Comparator 102 receives as comparative inputs the outputs of peak detector
98 and differentiator 96 to derive a first comparator output C1 whenever
the peak height c exceeds the level e of a previous peak C held by peak
detector 98, and whenever this condition occurs, an output pulse is
derived by comparator 102 at output C1. This comparison of consecutive
peak heights by receiver circuit 88 is a noise discrimination function
based on the premise that while various random or non-random noise
transients and waveforms may be picked by the transducer 60 and processed
by the receiver front end circuit 88, none of the noise waveforms will
exceed the peak level c of the test signal echo waveform A.

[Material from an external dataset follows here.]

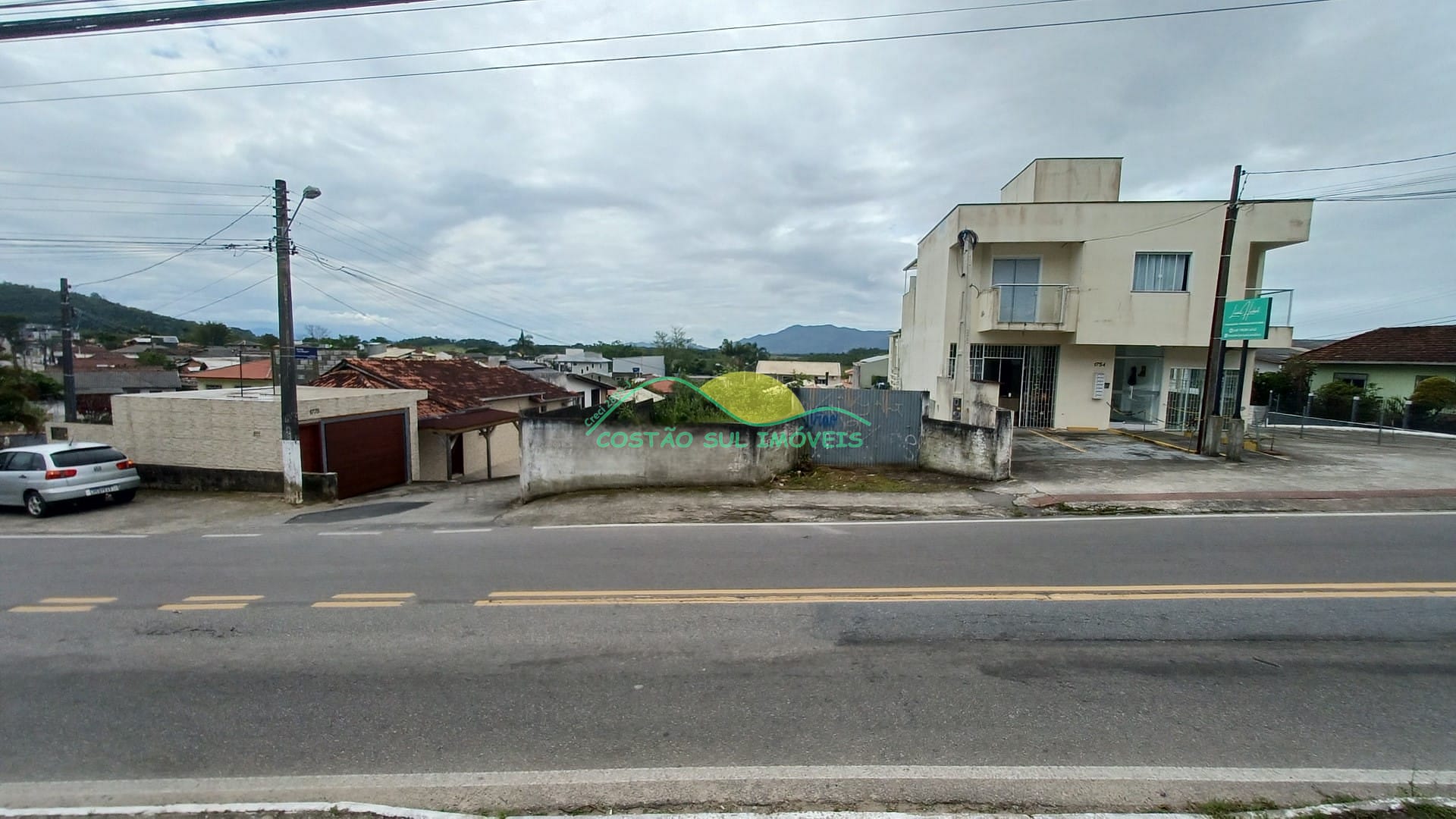 Terreno de esquina com 378,00m² em aclive para a Rodovia (Frente: 11,80m; Fundos: 12,10m; LE: 31,40me LD: 31,80m), na principal via de acesso ao bairro, com zoneamento AMS-3.5 (Área Mista de Serviços, 3 pavimentos e 50% de utilização do terreno).

Comparator 104 references the output of differentiator 96 against system
ground and derives an output pulse at comparator output C2 upon detecting
the zero crossing d of the differentiated waveform D. Output C2 therefore
provides a precise indication in time of the occurrence of the echo signal
peak c. Finally the third comparator 106 references the test signal echo
40 kilohertz signal A to system ground and derives at output C3 a clock
pulse at each rising phase edge of the echo waveform A. The three
comparator output C1, C2, C3 are inputs to a J-K flip-flop 108. The
flip-flop resets at every high peak output C1, is then set by the C2
output indicative of an actual peak occurrence and is triggered by the
immediately following phase edge output C3 into the clock input of the
flip-flop. When all three conditions required for flip-flop output have
been meet by the comparator signals C1, C2, C3, a string length output Q
is derived by the flip-flop 108 and is connected as a reset input to a
binary counter 110. Counter 110 is continuously clocked from a
microprocessor 120 and the binary count output of the counter 110 is reset
to zero by every output pulse of flip-flop 108. Therefore, as noise peaks
are detected by the receiver circuit 88, the counter is reset by each
consecutive noise peak of increasing magnitude until a true echo return
signal is detected which will also cause the count 110 to be reset to
zero, but no noise peaks subsequent to the true echo return within a given
system time frame will again cause the counter to be reset because as has
been explained the peak detector output will hold the echo return value as
the highest peak value and will not be overridden by any subsequent noise
peaks. The true count of the binary counter therefore begins upon being
reset by the echo peak c. In a six string instrument six receiver sections
88 are provided each driven by its own buffer 80 and driving a separate
binary counter. The binary outputs of the six counters 110 is such a
system are read into microprocessor 12: through the processors data bus
130. A circuit diagram for the string length receiver section 88 is shown
in FIG. 13.
Simultaneously with the string length signal processing by receiver section
88, a note amplitude output is derived by parallel receiver section 90
which as shown in FIG. 11 comprises a two kilohertz low-pass filter stage
122 which receives its input from the buffer 80 output and operates to
remove the high frequency components of any string vibrations sensed by
transducer 60, and in particular removing the ultrasonic test signal
waveform A processed by receiver section 88. The output of low pass filter
122 therefore contains waveforms representative of acoustic vibrations of
guitar string 20 within the audible frequency range such as produced by
playing the string to produce a musical note. The filtered note signal is
fed to the input of a second peak detector 144, the output of which holds
the peak value of the note signal detected during the particular system
time frame. This peak value output is fed from each of six receiver (only
one receiver channel being shown for clarity in FIG. 11) through a string
select demultiplexer 126 to the input of an analog-to-digital converter
128 where the analog value of the peak detector output of each receiver
channel is converted to digital form suitable for input to the
microprocessor 120 through the microprocessor data bus 130. The output of
A/D converter 128 is a note amplitude value representative of the loudness
of the musical note played on the guitar string 20 during the particular
system time frame.
The microprocessor 120 operates, among other functions, as a timer to clock
a system time frame which preferably is approximately 4 milliseconds in
length. During each system time frame a test signal burst is applied to
the instrument strings, its echo detected by the receivers, and the string
length and note level outputs derived. In addition, during a particular
time frame or at least before completion of the subsequent time frame, the
microprocessor operates on the derived first and second receiver outputs
to convert the information to MIDI compatible digital serial output. The
system time frames are repeated at a rate sufficiently high so that
substantially continuous monitoring of the acoustic state of the
instrument strings is achieved. At the end of each time frame the peak
detectors 98 and 124 and the binary counter 110 are cleared by the
processor 120 and the transmit/receive cycle repeats itself.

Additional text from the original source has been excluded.